INPUT MATERIAL: Begin

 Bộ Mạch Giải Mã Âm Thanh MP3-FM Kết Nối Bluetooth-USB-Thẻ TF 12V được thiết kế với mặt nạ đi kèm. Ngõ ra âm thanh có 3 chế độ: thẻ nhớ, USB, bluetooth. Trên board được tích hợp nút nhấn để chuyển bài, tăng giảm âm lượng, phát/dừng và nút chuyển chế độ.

INPUT MATERIAL: End
INPUT MATERIAL: Begin

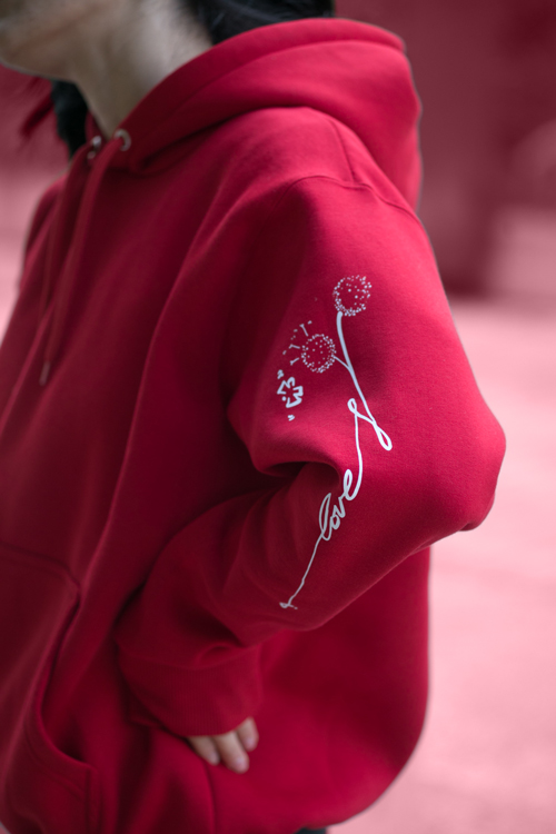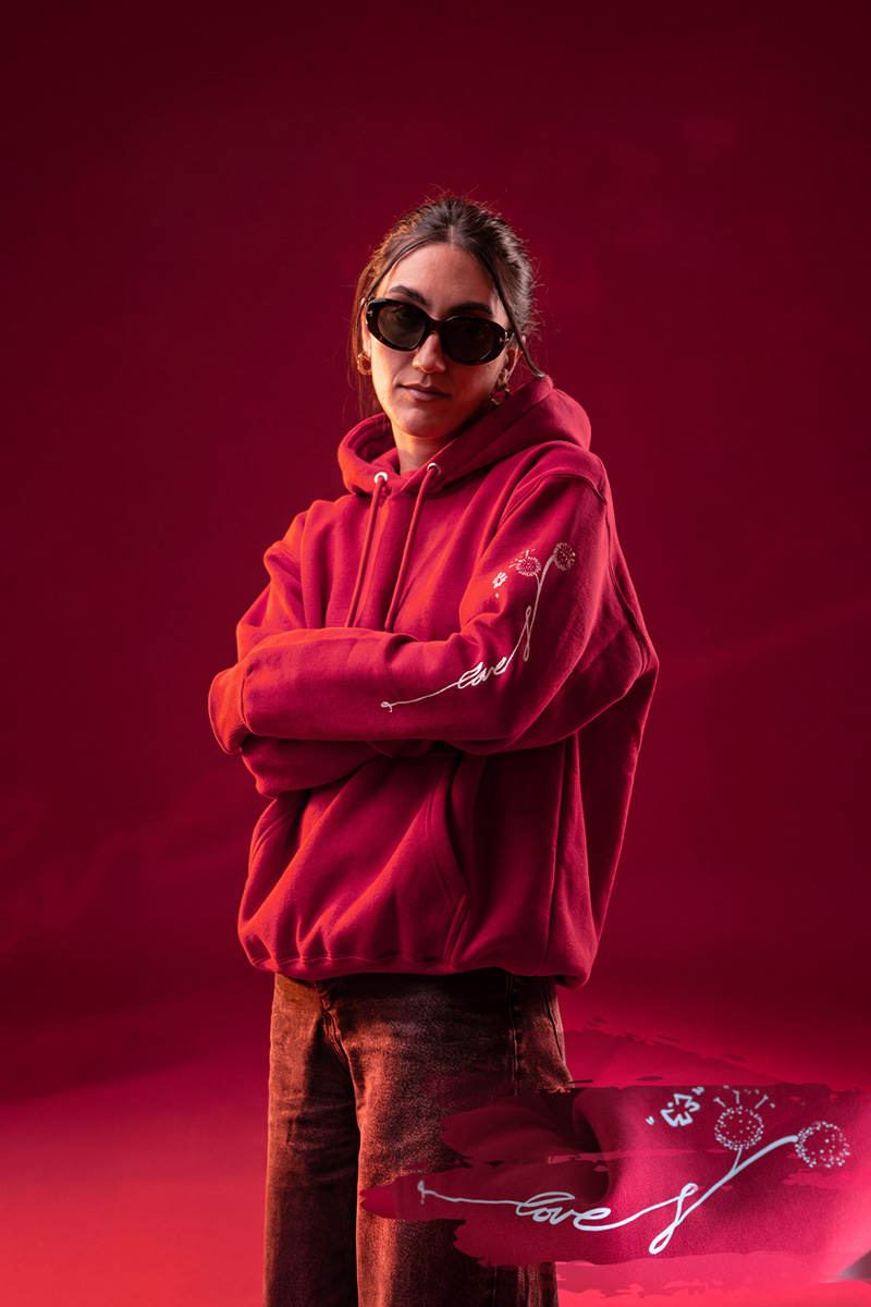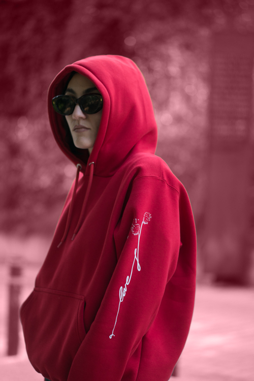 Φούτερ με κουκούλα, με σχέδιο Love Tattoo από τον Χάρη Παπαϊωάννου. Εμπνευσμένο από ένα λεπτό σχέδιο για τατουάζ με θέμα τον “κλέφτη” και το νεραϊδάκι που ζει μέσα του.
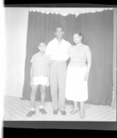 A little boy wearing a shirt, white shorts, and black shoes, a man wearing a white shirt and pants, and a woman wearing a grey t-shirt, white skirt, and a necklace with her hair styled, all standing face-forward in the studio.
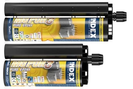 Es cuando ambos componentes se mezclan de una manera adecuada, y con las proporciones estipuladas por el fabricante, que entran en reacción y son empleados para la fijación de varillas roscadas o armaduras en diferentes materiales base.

INPUT MATERIAL: End
INPUT MATERIAL: Begin

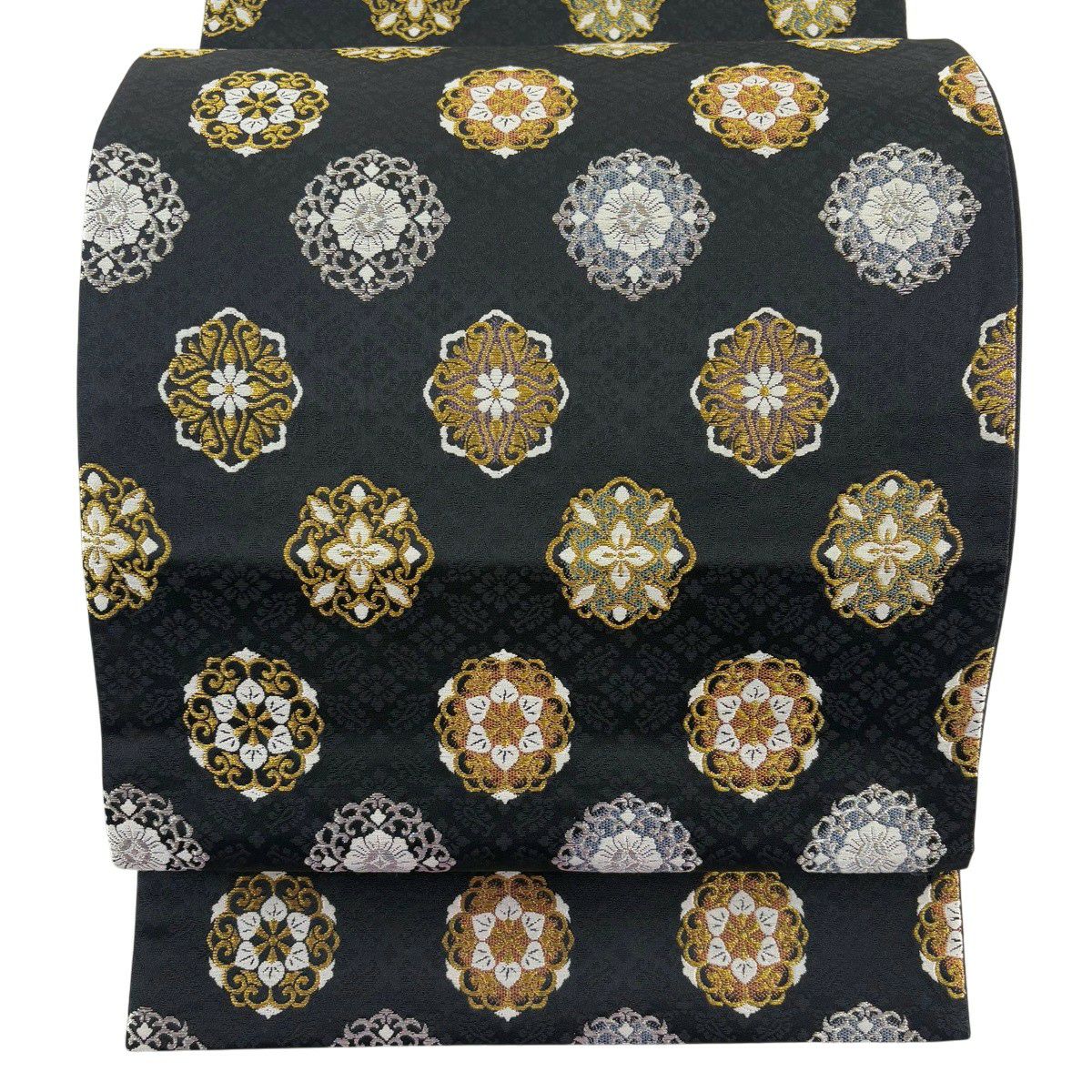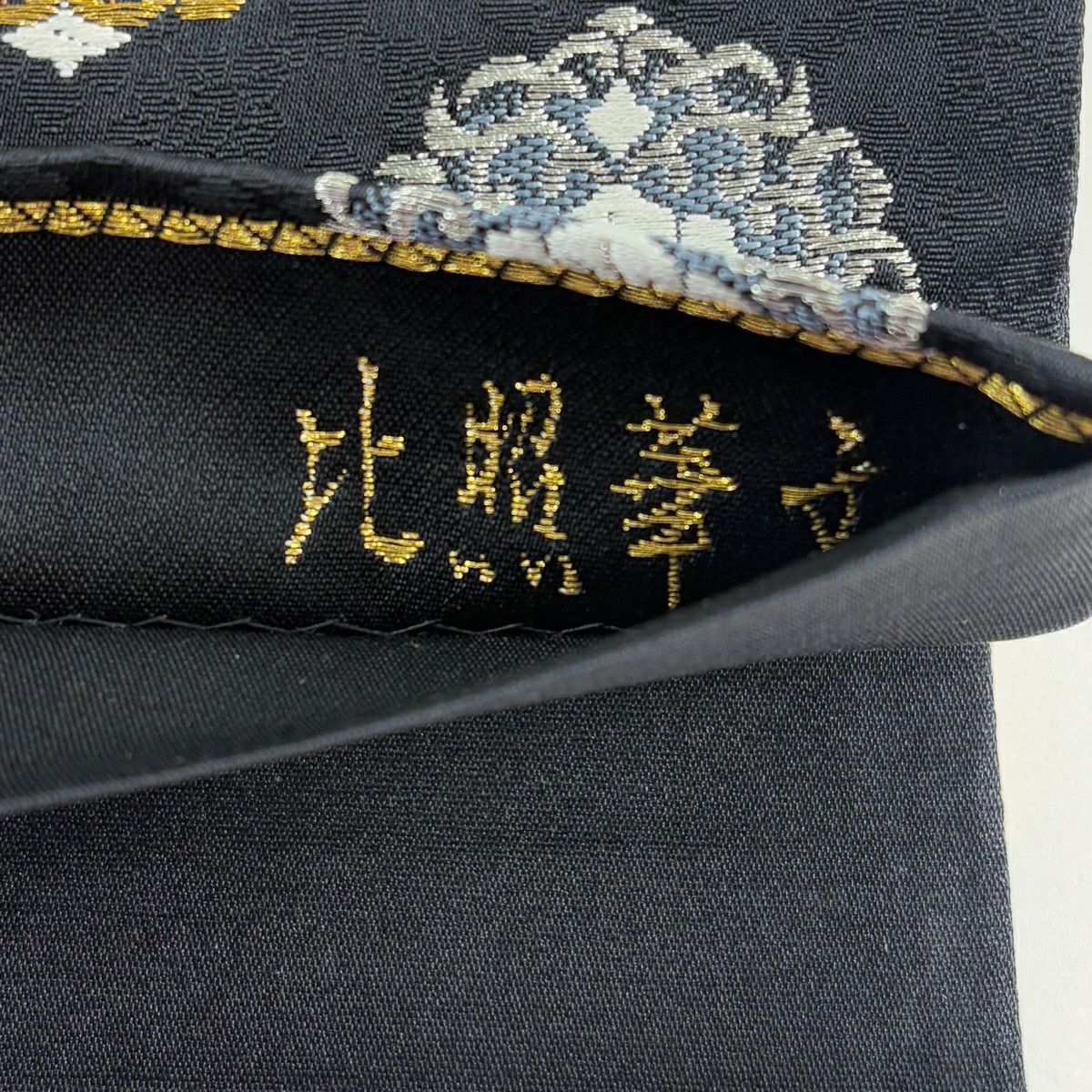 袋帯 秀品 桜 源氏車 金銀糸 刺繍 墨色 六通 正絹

INPUT MATERIAL: End

Using the entries above, transcribe every line from the line containing "A little boy" through the line containing "Es cuando ambos". Do not copy pictures.

• [RESULT]:
 A little boy wearing a shirt, white shorts, and black shoes, a man wearing a white shirt and pants, and a woman wearing a grey t-shirt, white skirt, and a necklace with her hair styled, all standing face-forward in the studio.
 Es cuando ambos componentes se mezclan de una manera adecuada, y con las proporciones estipuladas por el fabricante, que entran en reacción y son empleados para la fijación de varillas roscadas o armaduras en diferentes materiales base.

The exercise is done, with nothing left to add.